I have a MediaPipe hand-tracking task running successfully on OpenCV frames.
Full code: https://pastebin.com/2wubwxgg
Here’s the relevant code:
cap = cv.VideoCapture(0)
if not cap.isOpened():
print("Cannot open camera")
exit()
while True:
# Capture frame-by-frame
ret, frame = cap.read()
# if frame is read correctly ret is True
if not ret:
print("Can't receive frame (stream end?). Exiting ...")
break
# Our operations on the frame come here
# Display the resulting frame
frame_timestamp_ms = int(cap.get(cv.CAP_PROP_POS_MSEC))
mp_image = mp.Image(
image_format=mp.ImageFormat.SRGB, data=np.ascontiguousarray(frame)
)
detection_result = landmarker.detect_async(mp_image, frame_timestamp_ms)
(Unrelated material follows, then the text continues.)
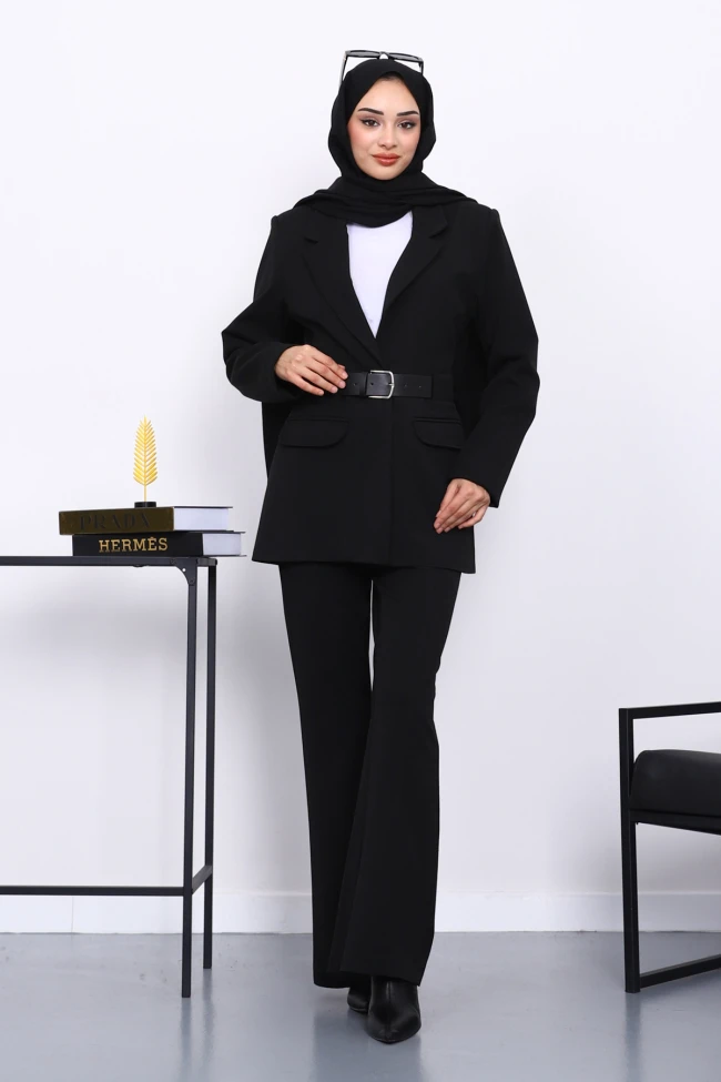 * Ürün Detay : Ürünümüz Krep kumaştan üretilmiştir. Ceket ile Pantolon ikili takım şeklindedir. Ceket bel kısmı kemerlidir. Pantolon bel kısmı lastiklidir.

if detection_result is not None:
annotated_image = draw_landmarks_on_image(
mp_image.numpy_view(), detection_result
)
annotated_image_bgr = cv.cvtColor(annotated_image, cv.COLOR_RGB2BGR)
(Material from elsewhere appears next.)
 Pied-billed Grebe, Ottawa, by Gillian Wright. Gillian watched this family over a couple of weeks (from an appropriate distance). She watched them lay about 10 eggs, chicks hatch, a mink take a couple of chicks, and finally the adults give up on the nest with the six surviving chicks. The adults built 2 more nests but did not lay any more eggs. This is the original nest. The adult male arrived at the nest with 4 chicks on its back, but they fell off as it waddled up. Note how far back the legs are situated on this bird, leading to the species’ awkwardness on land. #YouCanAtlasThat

cv.imshow("Hand Tracking", annotated_image_bgr)
if cv.waitKey(1) == ord("q"):
break
cap.release()
cv.destroyAllWindows()
However, OpenCV is not displaying the frame.
I tested just the display code, excluding the frame annotation, and it seems to work with non-annotated frames. I also tested not converting my video frames to RGB, but to no avail. Any configuration I attempt results in the frames not being displayed, but the task correctly annotating the image frames being passed in.
Everything else works, and I can see the task outputting tracking data within the terminal. My camera also indicates it is on.
Example output of landmark readings:
No hand visible:
hand landmarker result: HandLandmarkerResult(handedness=[], hand_landmarks=[], hand_world_landmarks=[])
With hand visible:
hand landmarker result: HandLandmarkerResult(handedness=[[Category(index=1, score=0.9681164026260376, display_name='Left', category_name='Left')]], hand_landmarks=[[NormalizedLandmark(x=0.8470160365104675, y=0.9493416547775269, z=6.204702458489919e-07, visibility=0.0, presence=0.0), NormalizedLandmark(x=0.7390292286872864, y=0.934730052947998, z=-0.03473040834069252, visibility=0.0, presence=0.0), NormalizedLandmark(x=0.6428059935569763, y=0.8524196147918701, z=-0.048505205661058426,
I cannot find an existing example of this, nor does the OpenCV documentation help.
Maybe I’m missing something obvious.